Issue (i): Whether the bank was discharged from its obligation to deliver the bonds when the purchaser returned the banker's receipts and accepted the other bank's SGL transfer forms as satisfaction.
Analysis: The purchaser returned the banker's receipts duly discharged and accepted the SGL transfer forms, including the dishonoured form of the mutual fund, without protest. The possession of the discharged receipts by the bank raised a rebuttable presumption of discharge under the law of evidence, and the purchaser failed to explain why it accepted an unrealizable instrument or to rebut that presumption. The surrounding correspondence showed that the purchaser consciously sought the SGL forms and acted upon them, including by receiving interest from a third party, which supported the inference that the original obligation was displaced by the substituted satisfaction.
Conclusion: The bank was discharged from its obligation under the original receipt-based arrangement.
Issue (ii): Whether the purchaser could still enforce the original obligation on the basis of novation, conditional discharge, implied warranty, or the argument that the acceptance of the SGL forms did not amount to final satisfaction.
Analysis: Novation under the contract law provision dealing with substitution of contracts required agreement of all concerned parties and was not established.
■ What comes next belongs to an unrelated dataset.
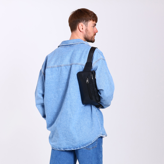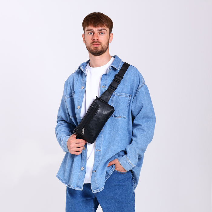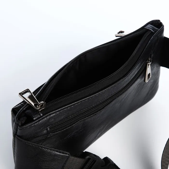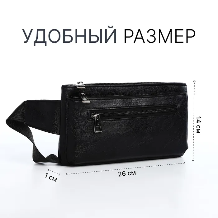 Сумка поясная на молнии, 3 наружных кармана, цвет чёрный — Характеристики

The provision dealing with acceptance of performance from a third person was inapplicable because there was no actual performance by a third party. The court treated the case as falling within the provision permitting the promisee to accept any satisfaction it thinks fit. The plea of implied warranty was abandoned before the trial court and, in any event, was inconsistent with the purchaser's own conduct and correspondence. The plea that the acceptance was only conditional was rejected because the facts showed a conscious and unconditional acceptance of the substituted instrument.
Conclusion: The original obligation could not be enforced against the bank, and the purchaser's contrary contentions failed.
Final Conclusion: The appeals succeeded, the decrees against the appellants were set aside, and the connected suits were dismissed, with restitution and costs ordered consequentially in each matter.
Ratio Decidendi: When a promisee consciously accepts a different satisfaction in place of the original promised performance, the promisor is discharged under the rule permitting remission or substitution of performance, and the promisee cannot later fall back on the original obligation absent proof that the acceptance was merely conditional.